Cameron said today he had passed on to European partners information gleaned from intelligence in cooperation with US and other allies that had helped avert terror plots.
He said anger at revelations US spies listened in to calls on German Chancellor Angela Merkel's mobile did not mean governments should legislate to rein in "properly funded intelligence services".
Cameron endorsed an EU summit statement backing French and German moves to negotiate a new understanding on the rules of the spy game with Washington by the end of the year.
The publication of the Snowden files "is frankly signalling to people who mean to do us harm how to evade and avoid" detection, he said, citing a massacre in a Kenyan mall in which at least 67 people died.
"It is going to make our world more dangerous," Cameron said.
To avoid tilting the balance in the fight against terrorism, Cameron maintained that this "means not having some lah-de-dah, airy-fairy law" drawn up at European Union level in Brussels to constrain spy operations with global importance.
"I've lost count of the plots I've seen, information I've seen," Cameron said of intelligence reports landing daily in his lap.

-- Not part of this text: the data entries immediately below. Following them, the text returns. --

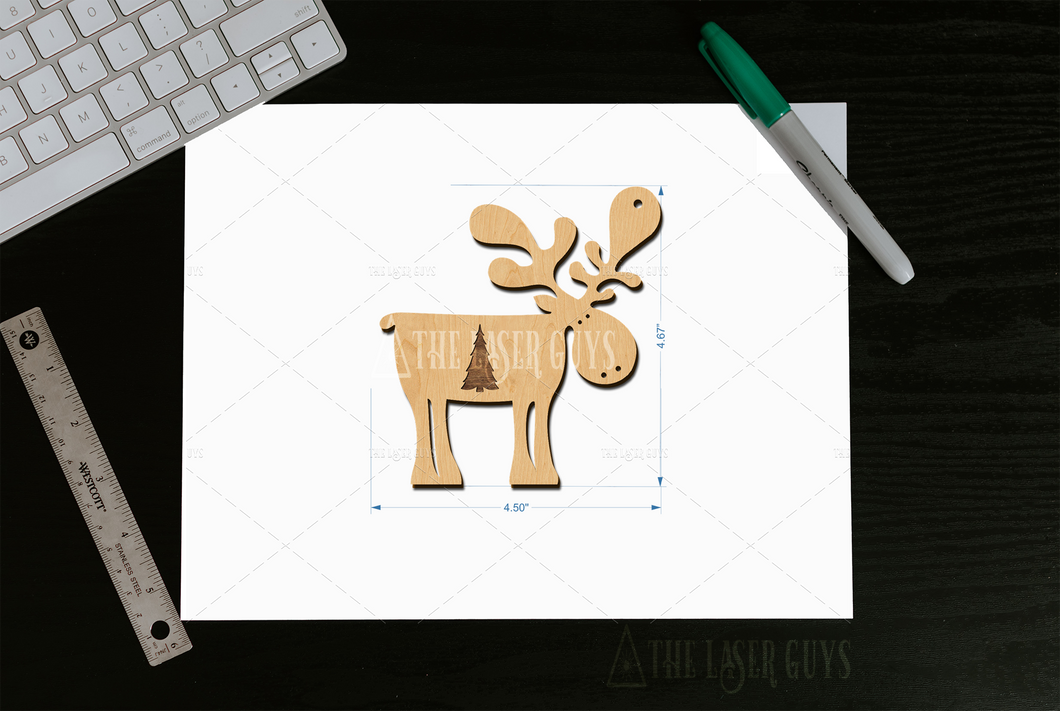 Bring back the magic of Christmas with this whimsical Moose with an engraved pine tree.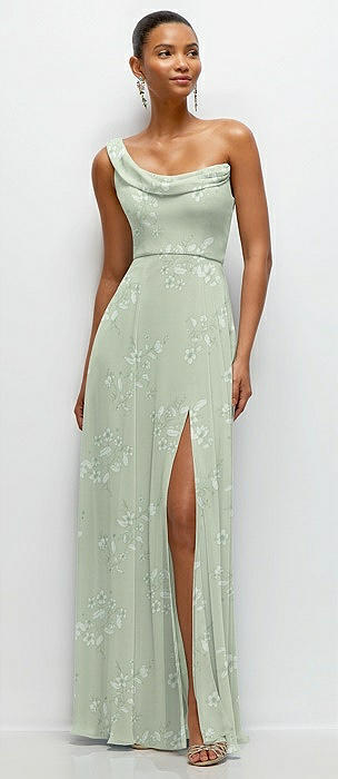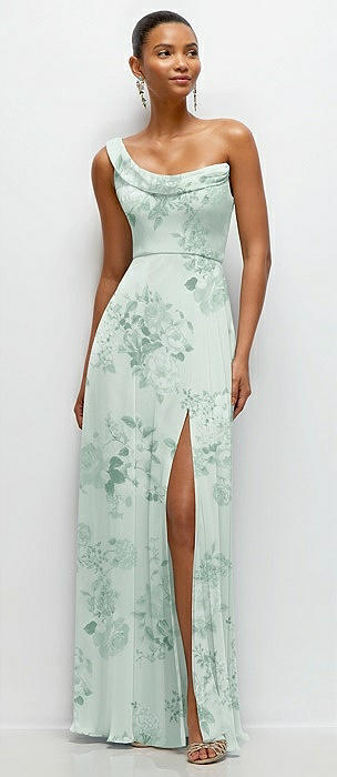 Chiffon One-Shoulder Maxi Dress with Draped Cowl Neckline in mint green floral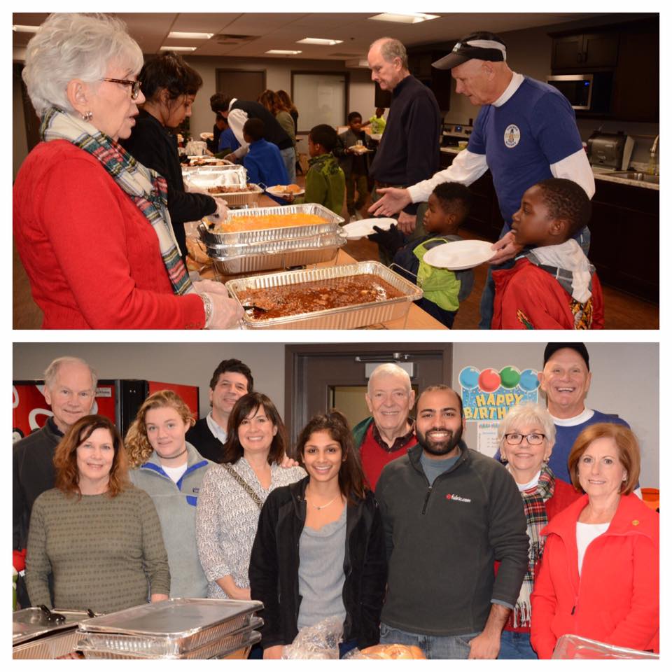 14 Vinings Cumberland Rotarians (and friends) decorated the party venue with festive decorations and provided and served a delicious Jim N Nick's BBQ feast.

"And I've shared that information with other European countries," he underlined, pointing out that the Snowden leaks are making it "a lot more difficult to keep our people safe".
Cameron said he was "very struck how colleagues don't want a breach in this relationship," calling the plans put forward by Merkel and French President Francois Hollande "good and sensible".
He refused to comment when asked if he was satisfied his own mobile had not been tapped or if he could give Merkel assurances that he had not seen reports from US partners detailing private telephone calls on her mobile.
Cameron insisted that the intelligence services in Britain are subject to the fullest possible democratic scrutiny.